Multiple sclerosis symptoms can be affected by a pair of "angel and devil" genes that fight to make a patient healthy or ill, Oxford University researchers have found.
The discovery could help scientists find new ways of tackling the potentially-devastating disease suffered by about 85,000 people in the UK. And it has has been welcomed by the Multiple Sclerosis Society as a step towards new treatments for the condition.
One of the genes thought to be responsible for MS is called DR2b.
Scientists have learned that it is the "evil twin" of a pair of DR2 genes. While DR2b works to increase the rogue immune response that causes symptoms of MS, its partner gene DR2a tries to prevent the damage.
Thanks to DR2a, MS symptoms, which can range from numbness to paralysis, are dampened.
Researchers believe this could be why some patients are worse affected by the disease than others. Prof Lars Fugger, of the Medical Research Council's human immunology unit at Oxford University, led the work on the study.
He said: "Multiple sclerosis is caused by the immune system attacking the body.
"The DR2b gene clearly tells the immune system to go hard into battle against the body's own tissue, so it starts to work in a way that actually damages the person.

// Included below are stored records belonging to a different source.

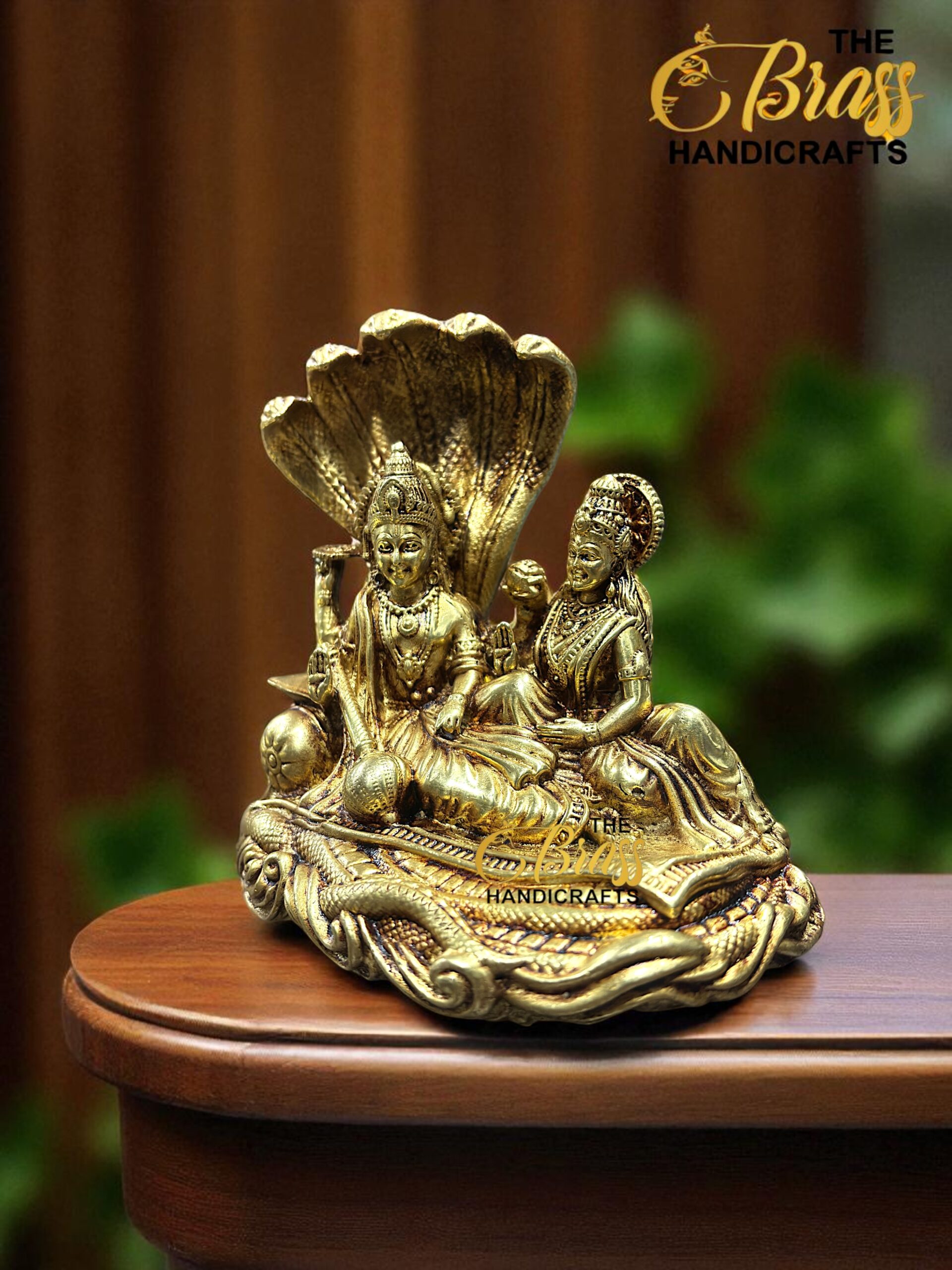 Add a touch of divine elegance to your home, temple, or office with our Brass Vishnu Lakshmi Statue on Sheshnag, a true masterpiece crafted using the traditional lost wax casting method. This exquisite piece beautifully depicts Lord Vishnu reclining on the cosmic serpent Sheshnag, with Goddess Lakshmi seated gracefully, symbolizing protection, prosperity, and spiritual harmony.
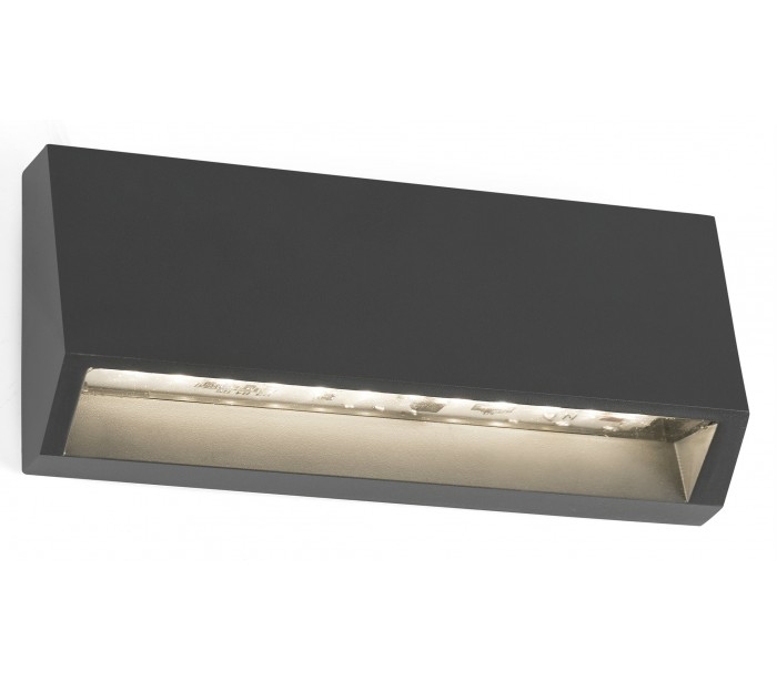 Must udendørs væglampe i et moderne design, fremstillet i mørkegrå lakeret abs. Lampen måler 15,8 cm i bredden og anvender 1 x SMD LED lyskilde på 3W (Inkl.). Lampen kræver ikke indbygning i væggen.
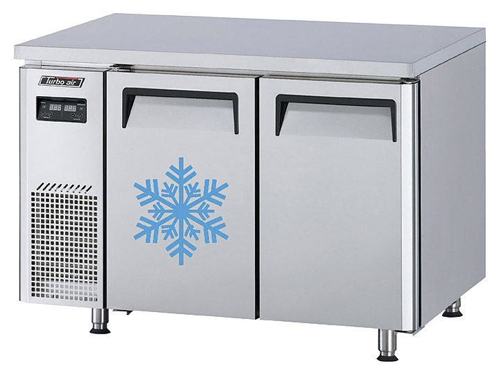 Холодильно-морозильный стол Turbo air KURF12-2 состоит из рабочей поверхности, на которой можно раскатывать тесто и обрабатывать ингредиенты для приготовления блюд, и камеры, предназначенной для заморозки, охлаждения и хранения продуктов, полуфабрикатов, мороженого и напитков на предприятиях пищевой промышленности, общественного питания и торговли. Корпус выполнен из нержавеющей стали с применением пожаробезопасных стенок толщиной 60 мм и уплотнения из теплоэффективного АБС-пластика (акрилонитрилбутадиенстирола), не пропускающего конденсата, оборотная сторона и низ - из гальванизированной стали, пол - из нержавеющей стали с алюминиевыми вставками по бокам и сзади, регулируемые полки - из толстой стальной проволоки с виниловым покрытием, 4 регулируемые ножки - из нержавеющей стали.
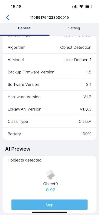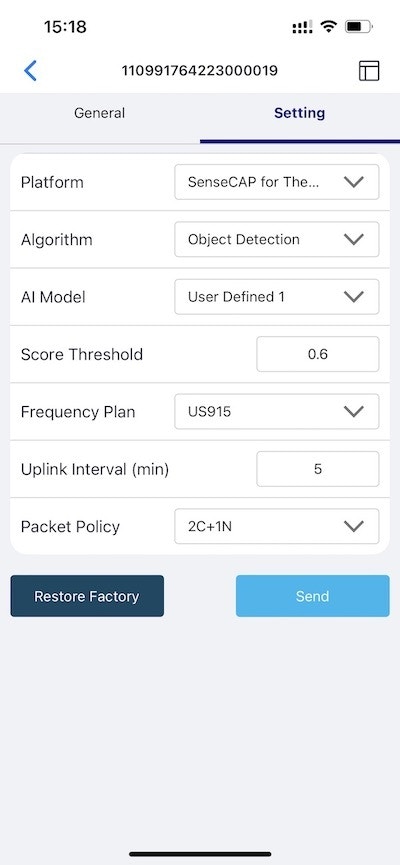 Click Setup and it will start scanning for nearby SenseCAP A1101 devices- Go to Settings and make sure Object Detection and User Defined 1 is selected. If not, select it and click Send
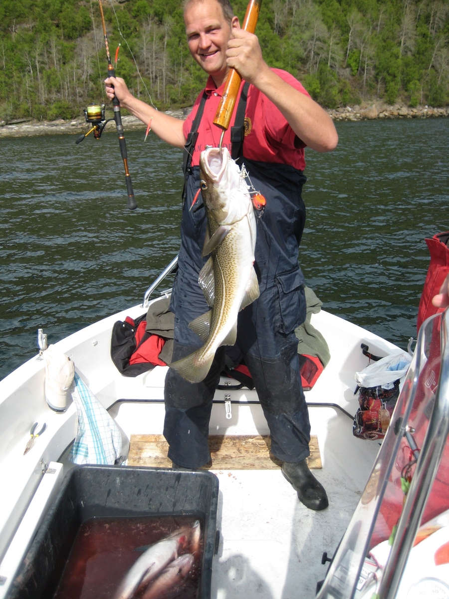 Nun wurde nicht lange gefackelt und ab ging es aufs Wasser. Es irritierte schon mächtig das sich dieser Fjord fast 14 Tage ohne eine Welle darstellte.???:) Die Fangerfolge war mäßig aber immerhin konnte Heiko einen schönen Köhler verhaften und ich fing den schwersten Fisch dieser Veranstaltung einen Dorsch von 115 cm und 15kg.
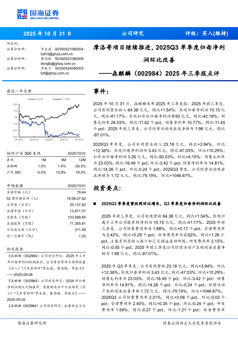 森麒麟:国海证券-森麒麟-002984-2025年三季报点评:摩洛哥项目继续推进,2025Q3单季度归母净利润环比改善-251031
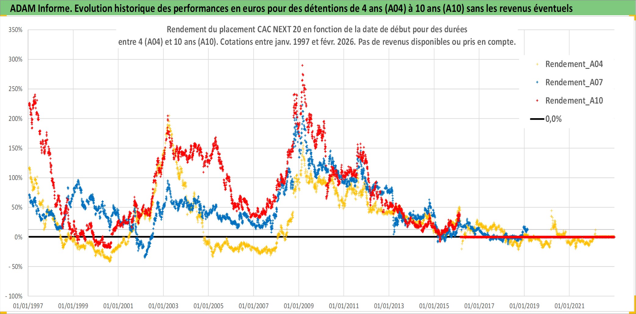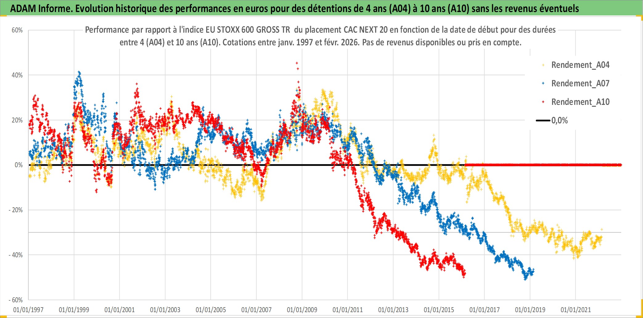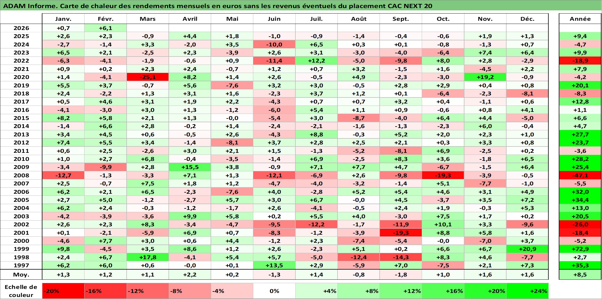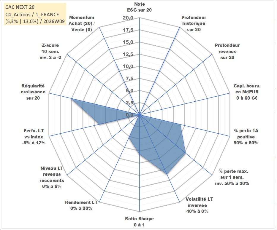 Site dédié aux investisseursPage dédiée sur site financeAnalyse des valorisations hebdomadaires de l'actif CAC NEXT 20. Cet actif est cote en EUR. Les valorisations couvrent les semaines 1997W01 a 2026W09. Les revenus de cet actif financier ne sont pas connus car non existants ou non disponibles sur le site Yahoo Finance. La note ESG de cet actif n'est pas connue.
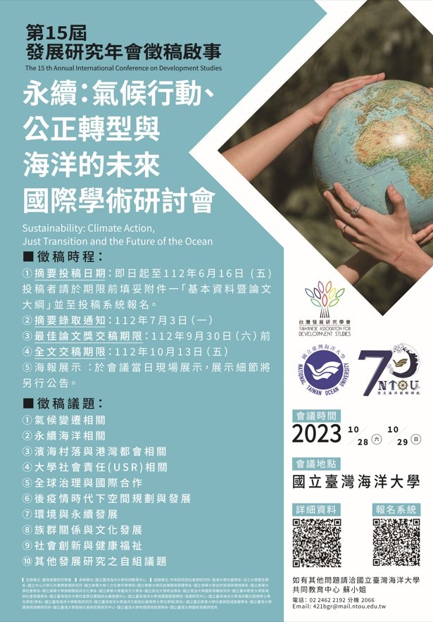 第十五屆發展研究年會「永續:氣候行動、公正轉型與海洋的未來」摘要收件延長至 06 / 23!

"For this reason, natural selection has eliminated the gene on its own, but allowed it to be inherited only when it is accompanied by another gene (DR2a) which tempers its effect."
MS is a lifelong condition with a wide variety of symptoms, including pain, muscle problems, impaired mental function, and poor vision. In severe cases it can lead to disabling loss of limb movement.
Prof Fugger's team bred mice with different combinations of DR2 genes in order to investigate their effects on the body.
Mice engineered to carry only DR2b had a severe form of the disease which is only seen in a minority of human patients.
Those with both genes were less likely to develop MS in the first place or had a less severe form of the disease.
In some cases, mice which were carrying the "good" gene spontaneously recovered.
Beverley Hughes, 46, from Witney, the welfare officer of the MS Society's Oxford and District branch, said: "Whenever new research comes out, we always hope it encourage money to support MS charities and to help fund research into multiple sclerosis."
Simon Gillespie, chief executive of the MS Society, said: "We share the researchers' hope that it could eventually play a part in helping to treat this very variable and unpredictable condition."